Don’t hold your breath for Tax Reform 2.0 in the Senate. The legislative agenda will not likely accommodate the House plan to make individual income tax cuts permanent before the November midterms, say Senate leaders. Like House Ways & Means Chairman Kevin Brady, Senate Finance Committee Chair Orrin Hatch wants tax cut permanence, but also wants a “viable path forward” and the right timing to achieve it. Tax cut popularity with the American public would help, too.
GOP Congressman wants a federal carbon tax to replace the gasoline tax. Though he voted in 2016 for a resolution declaring a carbon tax detrimental to the economy, Rep. Carlos Curbelo (R-FL) plans to propose a carbon tax on Monday. His bill would tax carbon emissions at $24 per metric ton, a price that would climb every year by 2 percent plus inflation. Estimated annual additional revenues are $57 billion to $106 billion a year, according to Columbia University’s SIPA Center on Global Energy Policy. Curbelo would direct those revenues toward infrastructure investments, and repeal the federal gasoline tax. The bill is not likely to advance, but Curbelo’s district is especially vulnerable to the effects of climate change… and voted for Hillary Clinton in 2016.

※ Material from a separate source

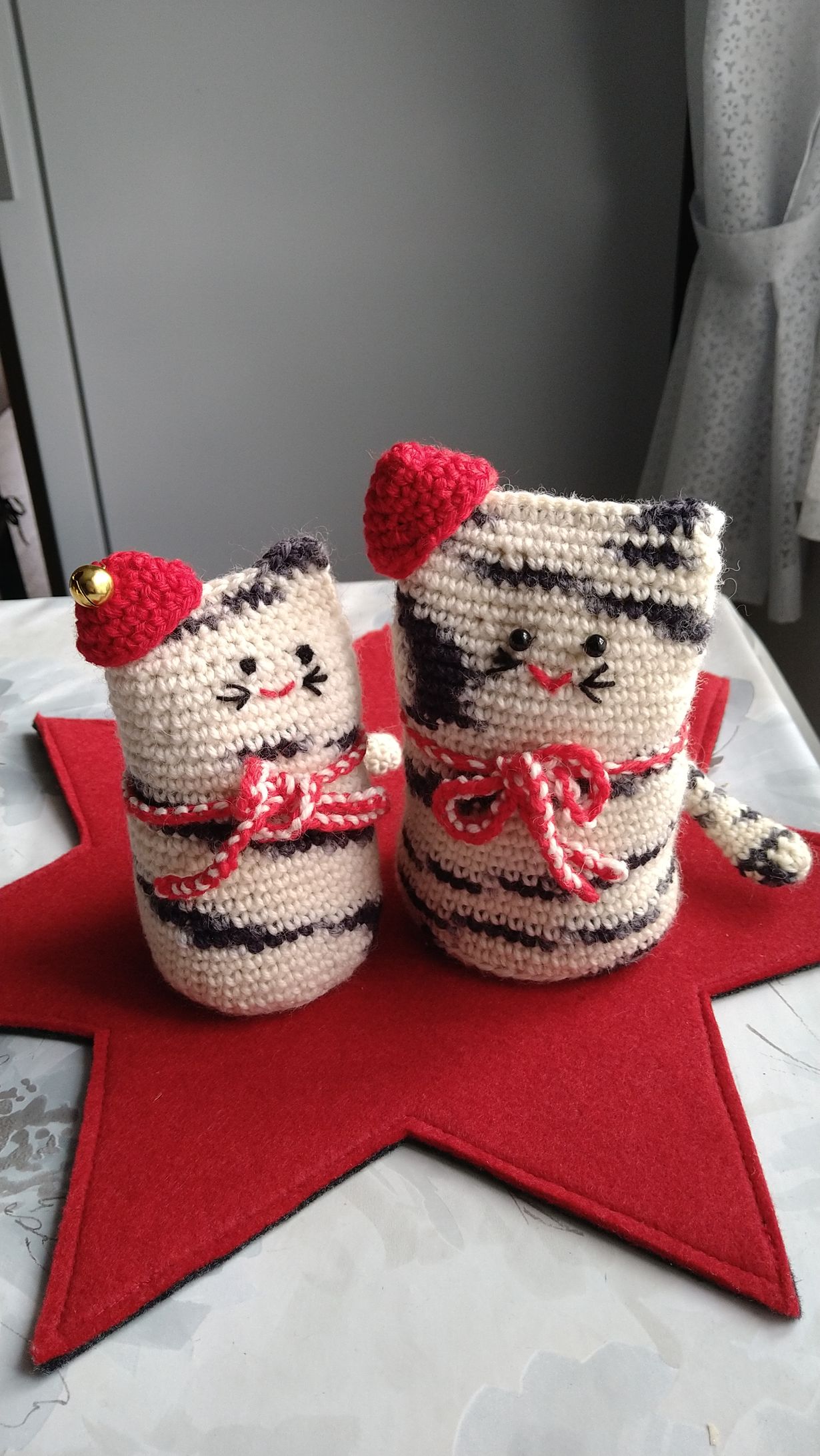 Lähetä kuvakisaan kuva lahjaksi tehdystä käsityöstä - voita Familonin pellavalakanat Kissat Anne 6.10.2025 klo 12:27 Itse virkatut lahjakissat odottavat paketointia joulupaperiin.

A carbon tax could help low-income households if paired with targeted tax rebates. The SIPA Center on Global Energy Policy released a new paper by TPC’s Joseph Rosenberg, Eric Toder, and Chenxi Lu. A carbon tax alone would require lower-income households to bear a moderately higher financial burden as a share of income than other households. But if the net revenue from the carbon tax were fully returned to households via rebates, the net combined effects could be more progressive.
More congressional and corporate pressure to ditch some tariffs. In their letter to Commerce Secretary Wilbur Ross, a bipartisan group of 149 members of Congress warn that tariffs, quotas or other restrictions on the industry will greatly diminish the benefits of the auto industry. Separately, seven auto industry groups wrote in a joint letter that “Raising tariffs on autos and auto parts would be a massive tax on consumers who buy or service their vehicles.”
New York begins a tax probe of the Trump Foundation. Tax officials in the state want to determine whether the foundation has broken state laws, and may refer findings for criminal prosecution. There are no released details of what officials are specifically investigating, but there may be overlap with New York Attorney General Barbara Underwood’s investigation of the Trump Foundation. Her lawsuit claims that the foundation used its funds illegally to settle business disputes and promote then-candidate Donald Trump’s presidential campaign.